The Rays began their final 2016 series on Friday, taking on the Texas Rangers in Arlington. I think it’s safe to say that everyone associated with this team, with the possible exceptions of Jaff Decker and Juniel Querecuto, is simply relieved that the agony that has been this 2016 is almost over.
Friday’s game was hardly an auspicious match-up for the Rays: our last place darlings taking on the cruising-to-division title Rangers; our sometimes very hittable Matt Andriese against a strong Texas offense while the very effective Yu Darvish squared off against a Rays line-up that, well, did I mention Jaff Decker and Juniel Querecuto, bless their hearts?
Fun fact: When Darvish was first signed, the Rangers stadium concessionaire created the Yu Dog — a hot dog served with seaweed. fried wontons, and fortune cookies on the side. Aside from sounding like a culinary abomination, it also led to complaints of racial insensitivity (and for what it’s worth fortune cookies are actually an American invention). I’m not sure that any Yu dogs were actually sold.
Anyway, back to baseball.
First, I feel a ton of gratitude to Corey Dickerson whose extended first inning lead off at-bat (Dickerson at lead off? is my At-Bat app acting up?) ended in a single, thus sparing us the pain of a no-hitter watch.
But in the bottom of that inning, Ian Desmond walked and reached second on a steal, scoring on a single to center. It appeared that Kiermaier misplayed the ball, allowing the run to score, but I know that’s not possible so I’ll blame cable provider Frontier Communications for an obviously faulty image.
In the bottom of the third inning, Carlos Beltran scorched a line drive home run to right field, making the score 2-0 Rangers. Beltran is having another highly productive year at age 39, and unlike some other older sluggers in our league he actually runs the bases, plays a respectable outfield, and neither attacks dugout equipment nor stares down opposing pitchers.
How many different pitches can Darvish throw for strikes? He certainly managed to carve up this Rays line-up. The only really hard hit ball prior to the 6th inning was a Querecuto line drive deep into the center-rightfield gap; unfortunately it was hit to the deepest part of the park where it was snagged on a good play by Ian Desmond.
The Rays offense wasn’t completely shut down. In the top of the 6th, Kiermaier reached on a walk, and flew around the bases to score on Evan Longoria’s double, making the score 2-1. Then Darvish seemed to quickly regain his bearings, striking out Miller, Franklin and Decker. 74 mph curveball followed by 77 mph slider followed by 96 mph four seamer followed by 76 mph slider (to Franklin, just as an example).
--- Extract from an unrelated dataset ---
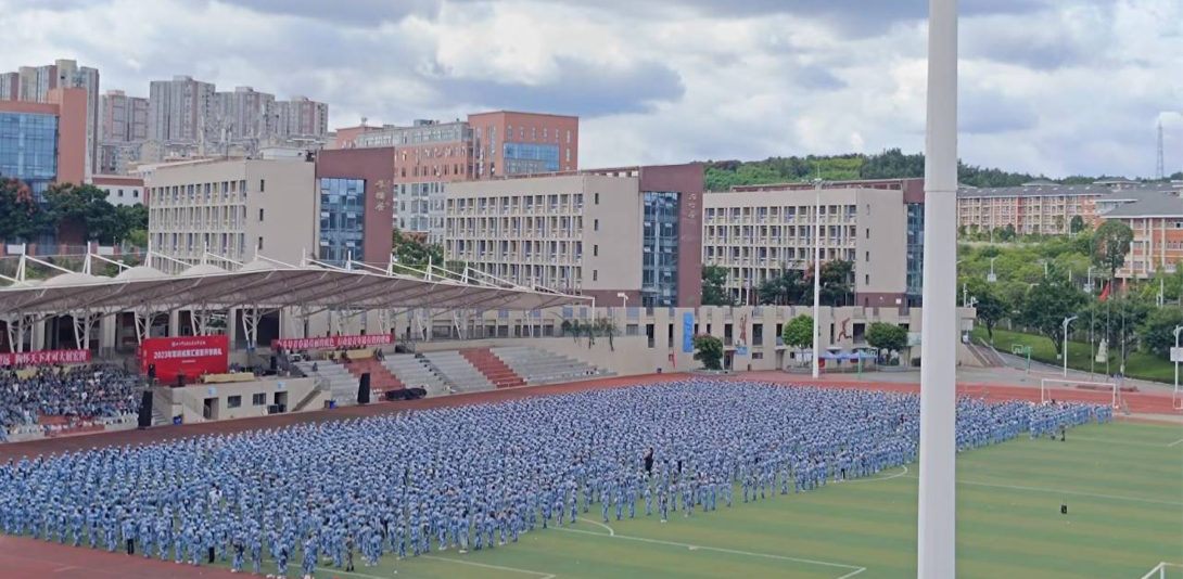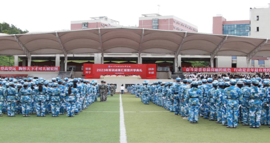 秋风飒爽,丹桂飘香。四川中医药高等专科学校于2023年9月10日下午两点三十分在南区足球场召开2022级、2023级新生开学典礼暨军训开训仪式。本次仪式由校党委副书记汪涌泉主持、副校长梁晓峰、各职能部门、各学院负责人参加,涪城区人民武装部政委余江到场指导。开训仪式在升国旗、奏唱国歌仪式中拉开序幕,同时也拉开了医专学子们的军训生活。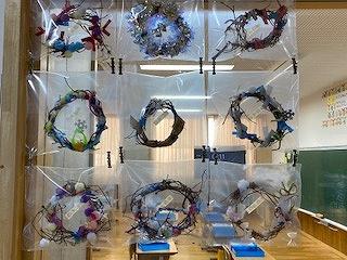 生活科で育てたあさがおのつるを使ってリースをつくりました。

But Rougned Odor quickly followed with a solo home run, restoring the Texas 2 run lead. One out later Andriese was replaced by Justin Marks.
This was overall a decently pitched game. Andriese put in a solid performance (5.1 innings, 7 hits, three runs), about the best you can expect from your number 5 starter facing a strong line up. But Darvish was even better, yielding just 3 hits and 1 run over 6 innings, and notching 12 strikeouts along the way.
By the 7th inning it was the battle of the bullpens, with Barnette, Diekman, Bush (yes, that Bush, who gave up a double to Longoria both nothing else) and Dyson for the Rangers and Marks, Ramirez and Romero for the Rays posting clean innings. Romero looked like he was going to have what has become an all too familiar implosion when he gave up a double to Odor and then was 3-0 on pinch hitter Jonathan Lucroy. But he came back to strike out Lucroy and get Choo to fly out.
If the goal of this weekend is to get closer to that # 2 draft pick without anyone getting injured or humiliated, then mission accomplished.